- [SOURCE INFORMATION]
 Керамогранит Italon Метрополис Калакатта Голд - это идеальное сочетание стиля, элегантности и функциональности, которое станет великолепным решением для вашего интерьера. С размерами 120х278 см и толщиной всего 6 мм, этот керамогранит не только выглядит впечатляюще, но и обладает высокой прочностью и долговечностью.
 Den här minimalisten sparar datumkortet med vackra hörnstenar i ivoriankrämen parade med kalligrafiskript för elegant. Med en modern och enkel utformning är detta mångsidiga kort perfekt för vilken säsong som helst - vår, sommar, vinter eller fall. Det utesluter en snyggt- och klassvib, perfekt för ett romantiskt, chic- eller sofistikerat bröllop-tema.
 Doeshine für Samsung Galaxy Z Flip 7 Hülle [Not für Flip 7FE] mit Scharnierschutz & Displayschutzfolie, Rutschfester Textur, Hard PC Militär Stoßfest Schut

* * *

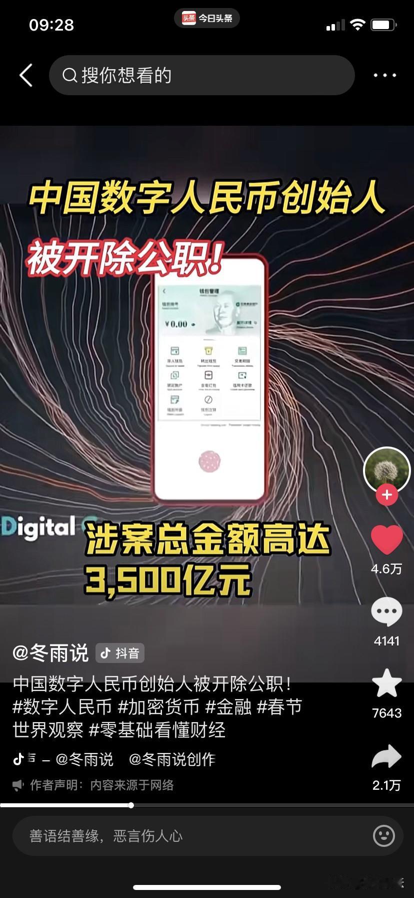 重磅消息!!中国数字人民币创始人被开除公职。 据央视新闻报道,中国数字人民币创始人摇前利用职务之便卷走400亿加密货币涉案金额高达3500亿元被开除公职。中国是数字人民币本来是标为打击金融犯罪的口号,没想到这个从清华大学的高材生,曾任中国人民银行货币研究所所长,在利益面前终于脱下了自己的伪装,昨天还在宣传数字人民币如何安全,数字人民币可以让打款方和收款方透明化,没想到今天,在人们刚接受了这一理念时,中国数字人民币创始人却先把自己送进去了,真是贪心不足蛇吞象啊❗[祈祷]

...

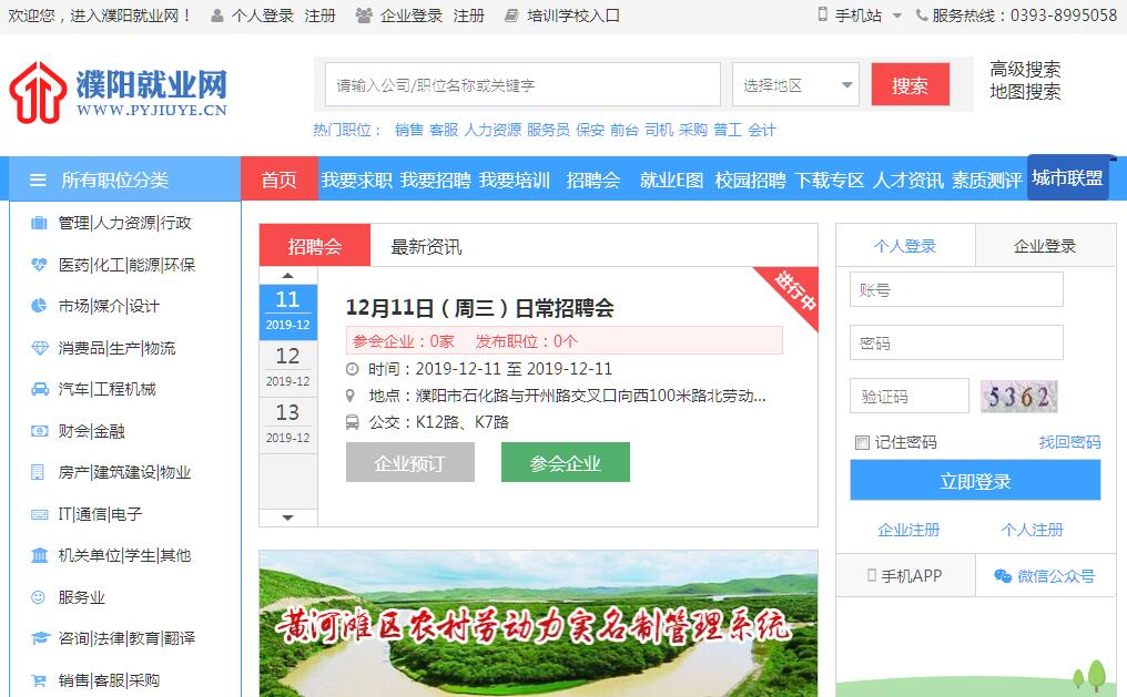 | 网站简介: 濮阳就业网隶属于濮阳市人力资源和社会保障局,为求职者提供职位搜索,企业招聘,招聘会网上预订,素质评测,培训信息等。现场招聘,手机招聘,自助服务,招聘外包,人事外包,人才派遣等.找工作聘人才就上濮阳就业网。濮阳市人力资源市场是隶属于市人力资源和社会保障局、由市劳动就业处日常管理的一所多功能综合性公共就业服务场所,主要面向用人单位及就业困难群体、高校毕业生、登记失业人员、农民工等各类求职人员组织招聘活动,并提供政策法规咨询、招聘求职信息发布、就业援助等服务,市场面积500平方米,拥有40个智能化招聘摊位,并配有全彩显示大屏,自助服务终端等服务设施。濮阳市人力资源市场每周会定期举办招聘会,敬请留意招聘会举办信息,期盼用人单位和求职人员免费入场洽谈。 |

- [REQUIREMENT]
Everything from the line with "Керамогранит Italon Метрополис" through the line with "Doeshine für Samsung" in the listing above must be retyped exactly, with nothing added.

- [OUTPUT FOR THIS EXERCISE]
 Керамогранит Italon Метрополис Калакатта Голд - это идеальное сочетание стиля, элегантности и функциональности, которое станет великолепным решением для вашего интерьера. С размерами 120х278 см и толщиной всего 6 мм, этот керамогранит не только выглядит впечатляюще, но и обладает высокой прочностью и долговечностью.
 Den här minimalisten sparar datumkortet med vackra hörnstenar i ivoriankrämen parade med kalligrafiskript för elegant. Med en modern och enkel utformning är detta mångsidiga kort perfekt för vilken säsong som helst - vår, sommar, vinter eller fall. Det utesluter en snyggt- och klassvib, perfekt för ett romantiskt, chic- eller sofistikerat bröllop-tema.
 Doeshine für Samsung Galaxy Z Flip 7 Hülle [Not für Flip 7FE] mit Scharnierschutz & Displayschutzfolie, Rutschfester Textur, Hard PC Militär Stoßfest Schut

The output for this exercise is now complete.